Postby Omniloquacious » 05 Jan 2012, 14:53

With the presidential election just nine days away, let’s use this thread to declare which candidate we hope will win, why we want him or her to win, and what we forecast as the outcome of the voting.

I’ll start by declaring that I am rooting for Ma to be elected to a second term. I have very high regard for Tsai, and consider her excellently qualified to hold the office of president. If only she weren’t running for the DPP, I might even be inclined to root for her as the better of two very good contenders. But in my opinion, it will be far better for Taiwan if Ma remain in the Presidential Office than if Tsai takes over from him.

I do not adhere to either side of the blue-green divide. In previous presidential elections, I rooted in turn for LTH in 1996, CSB in 2000 and 2004 (the first time enthusiastically, the second time as the lesser of two evils, with two very unappealing tickets to choose between), and MYJ in 2008. Each time, the candidate I have rooted for has won, so perhaps that is a good omen for Ma in 2012.

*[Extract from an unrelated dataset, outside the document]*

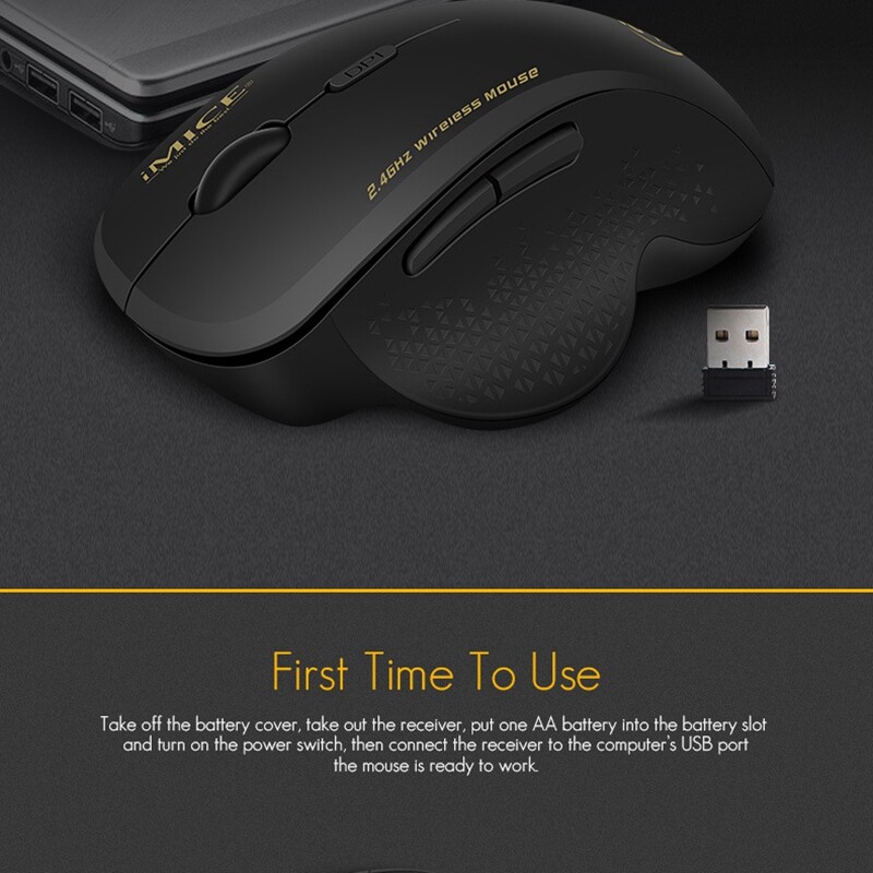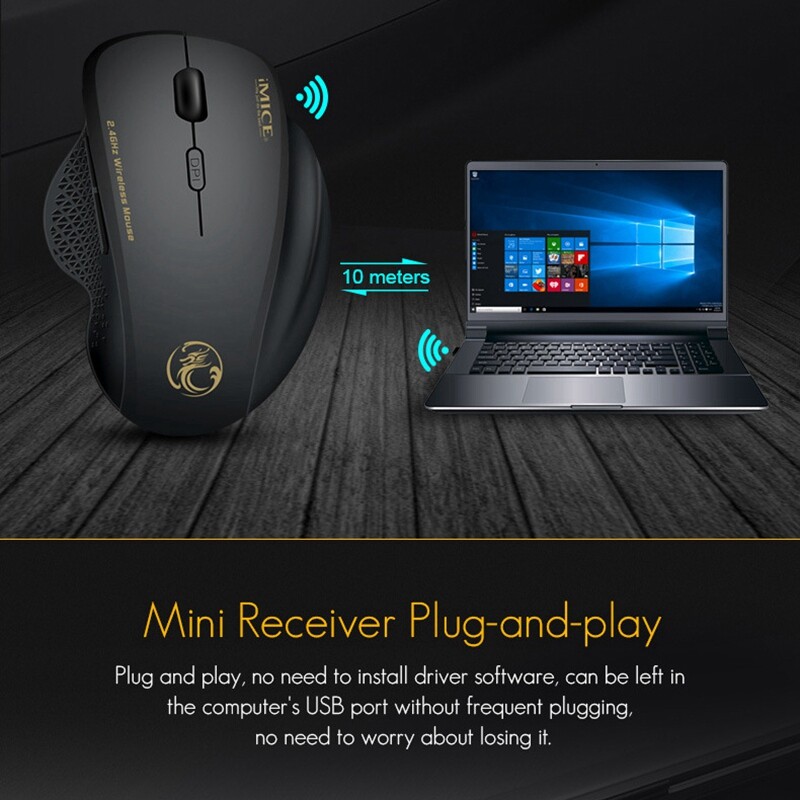 Gaming Mouse Ergonomic Mouse 6 Keys LED 1600 DPI Computer Mouse Gamer6147 1.Excellent ergonomic design, the operator can more comfortable fit the product, have a more natural grip, so as to reduce the discomfort caused by long-term use and bring comfortable experience 2.Intelligent connectivity, just plug the wireless receiver into your computer USB port, and no extra driver required. 3.Adopt 2.4GHz wireless technology, provides a powerful, reliable connection, increase working distance of up to 10m. 4.Adopts the top class of power saving chip, 5 times power saving than ordinary wireless mouse, standby time is over 12 months. 5.Adjustable DPI Function: 800/1200/1600, Maximum Acceleration 20G Key number: 6 keys Transmission: 2.4Ghz Wireless interface: USB nano-receiver Working dISTANCE: 10M System support: xp/Vista/Win7/8/10 color: Black Material:ABS Package Contents: 1 * Receiver 1 * Mouse

I believe that the KMT and DPP have much of a muchness to offer in sum of policy agenda, except in the all-important area of cross-strait affairs. I don’t think there will be much revision of most basic national development policies if governing power changes hands. The new government will redeck existing policies in new names and slogans, creating a big burden for people like me who will have to translate it all into English; but I think most of the changes will be merely cosmetic, with very little difference in substance.

My main concern about Tsai winning is that she will steer the wrong course in cross-strait policy-making, and that whatever her own judgment tells her is the right course to take on key cross-strait policy issues, persuasive figures within her party will push her onto a less rational, more perilous course.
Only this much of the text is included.